*** DATA TO PROCESS Section Begins ***

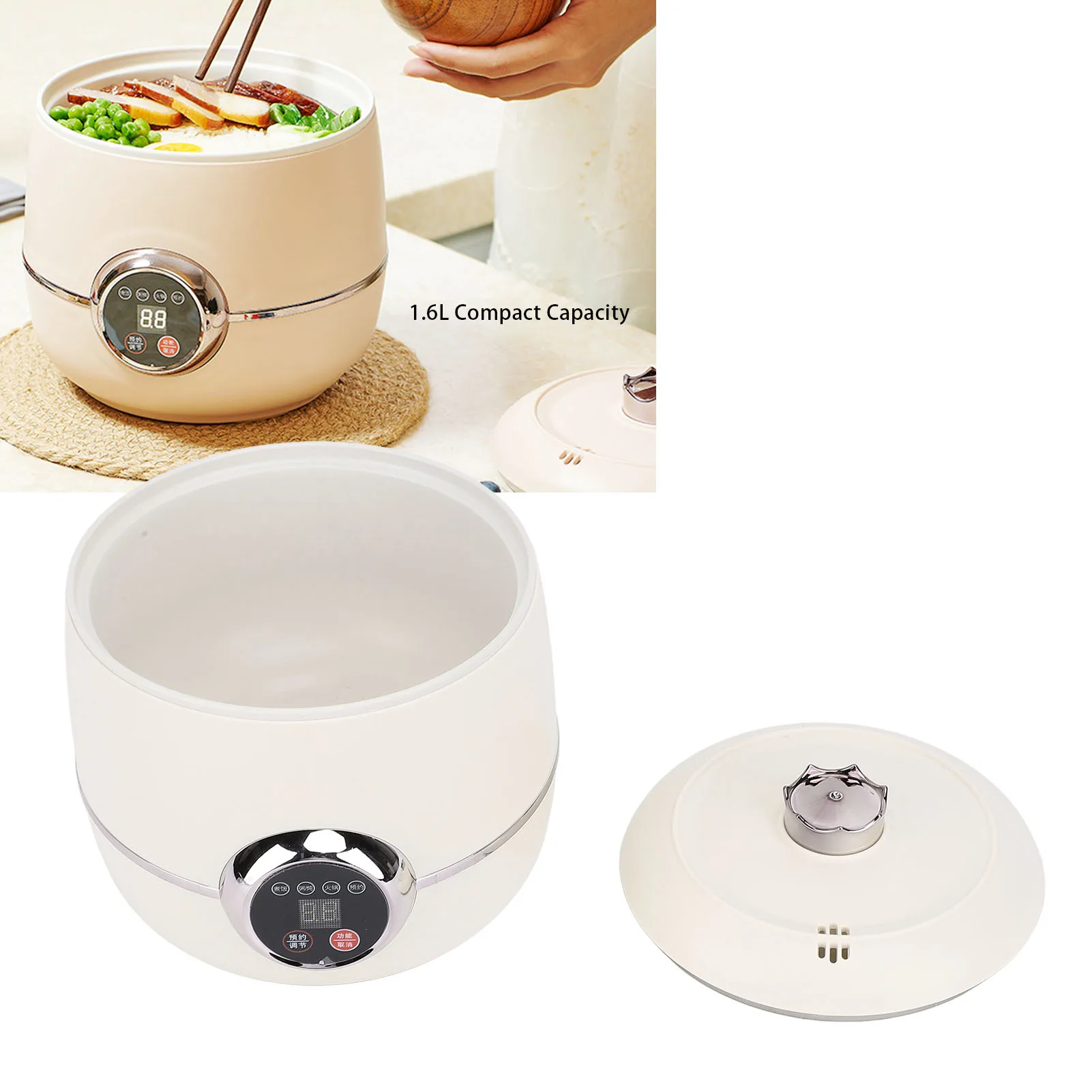 2、User Friendly Operating: Equipped with a 1.6L capacity, this travel rice cooker simplifies cooking with its one touch operating and automatic keep warm function for up to 12 hours. The programmable timer ranges from 0.5 to 9.5 hours, allowing for adjustable cooking schedules. Default cooking times for rice, porridge, and hot pot are thoughtfully set, with automatic temperature control ensuring meals are ready without manual monitoring.
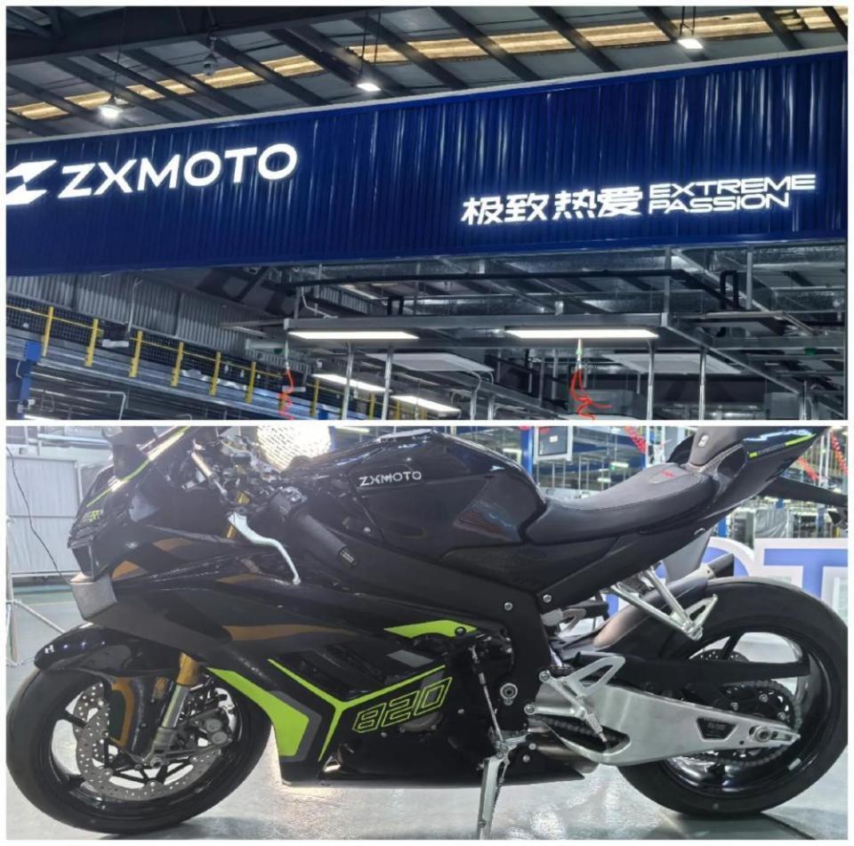 张雪机车的工厂,占地面积不大,厂房可以一眼望穿,厂里放着黑白两色卖得最好的车型500RR(500RR是张雪机车的主力车型)。当然,这里还有本次葡萄牙站夺冠的量产车原型820RR(参赛车辆型号为820RR-RS),机车上面的“ZXMOTO”喷涂格外耀眼醒目。
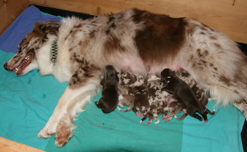 Am 22. Juli 2018 erblickten 7 gesunde Welpen das Licht der Welt - Brix und Linus sind Eltern von 4 Rüden und 3 Hündinnen geworden.
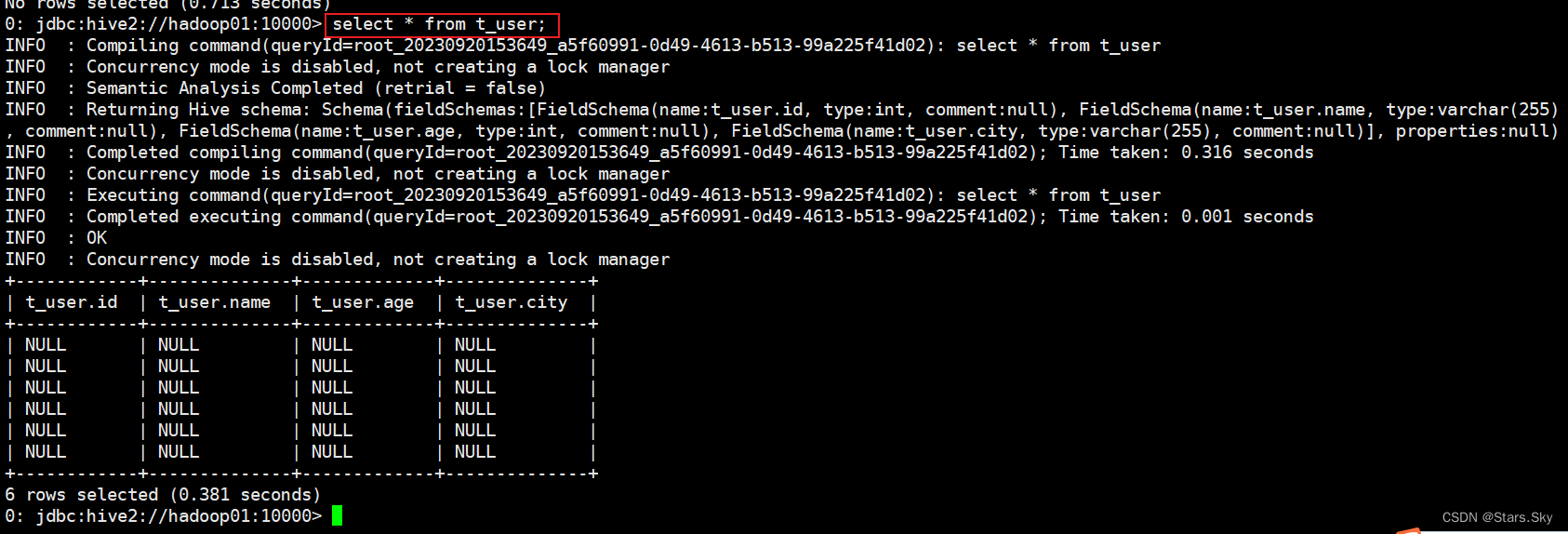 执行数据查询操作,发现表中并没有数据。猜想 1:难道数据文件要放置在表对应的 HDFS 路径下才可以成功?使用 HDFS 命令将数据移动到表对应的路径下。
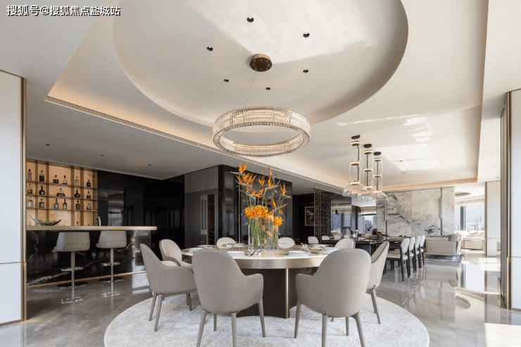 同时打破固有模块化布局,将客厅、餐厅、书房、阳台整体打造成联通又可随意调整的百变空间,让都市新贵无拘的想法能够一一实现。
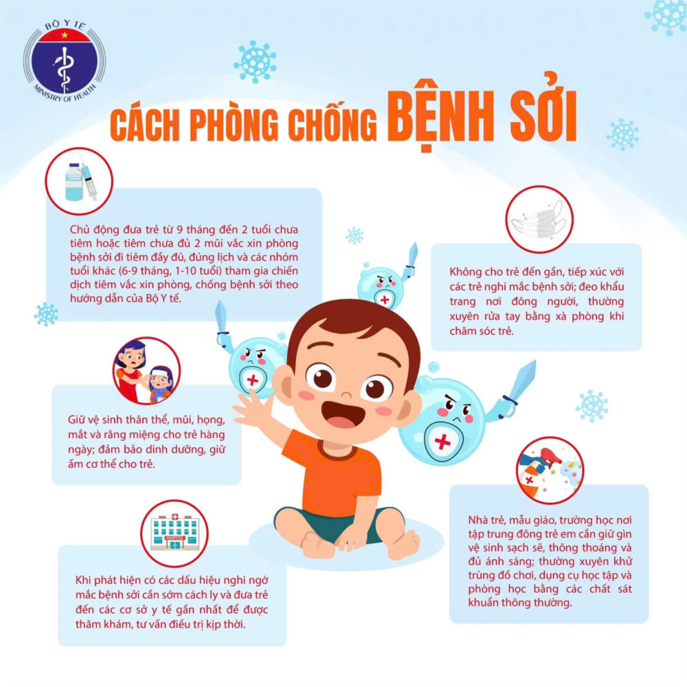 Bệnh sởi là một trong những nguyên nhân gây tử vong hàng đầu ở trẻ em do các biến chứng viêm phổi, viêm não, tiêu chảy nặng và suy dinh dưỡng. Bệnh sởi chưa có thuốc điều trị đặc hiệu, tiêm vaccine là biện pháp hữu hiệu để phòng bệnh. Sau đây là 10 thông điệp phòng chống bệnh sởi của Bộ Y tế:
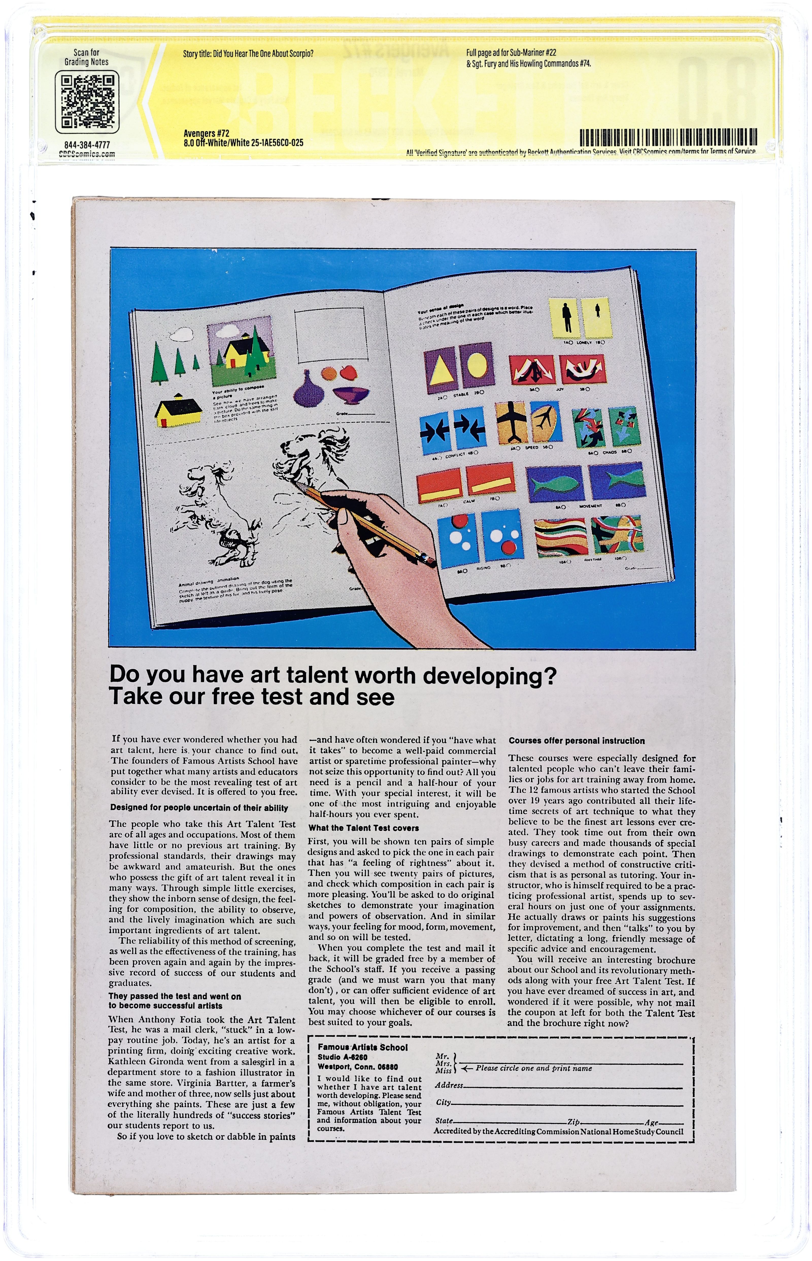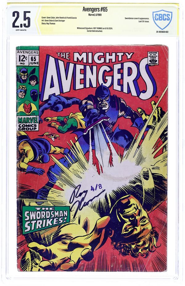 Last 12-cent issue. "Mightier than the Sword?" Part 3 of 3. Script by Roy Thomas. Pencils by Gene Colan. Inks by Sam Grainger. Cover by Gene Colan and Sam Grainger (with alterations by John Romita and Frank Giacoia). After the tragic death of his brother last issue, Clint Barton vows revenge against Egghead! And auspiciously for the new Goliath, his firstopportunity comes very soon! Upon returning to Earth, Egghead dispatches the Swordsman to Avengers Mansion to capture his old foe Henry Pym! But neither super-villain knows that Hank has recently changed his identity to Yellowjacket! Amid the confusing battle, the Swordsman grabs Clint instead and takes him back to Egghead! And for the vengeance-seeking avenger... that's right where he wants to be...for payback! Partial origin of Hawkeye (aka Clint Barton). Flashback cameos by Barney Barton and the Swordsman. Avengers Lineup: Black Panther, Goliath, Vision, Wasp, and Yellowjacket. (Notes: The Swordsman previously appeared in Captain America 105. Egghead returns in Marvel Feature (1st series) 5. This three-part story was reprinted in Marvel Super Action 24-26.) 36 pages. Cover price $0.12.

*** DATA TO PROCESS Section Ends ***

**WHAT IS BEING ASKED:**
Would you restate, word for word and with no pictures, only the lines from the opening of the material through the line with "张雪机车的工厂,占地面积不大", both included?

**ANSWER FOR THE TASK:**
 2、User Friendly Operating: Equipped with a 1.6L capacity, this travel rice cooker simplifies cooking with its one touch operating and automatic keep warm function for up to 12 hours. The programmable timer ranges from 0.5 to 9.5 hours, allowing for adjustable cooking schedules. Default cooking times for rice, porridge, and hot pot are thoughtfully set, with automatic temperature control ensuring meals are ready without manual monitoring.
 张雪机车的工厂,占地面积不大,厂房可以一眼望穿,厂里放着黑白两色卖得最好的车型500RR(500RR是张雪机车的主力车型)。当然,这里还有本次葡萄牙站夺冠的量产车原型820RR(参赛车辆型号为820RR-RS),机车上面的“ZXMOTO”喷涂格外耀眼醒目。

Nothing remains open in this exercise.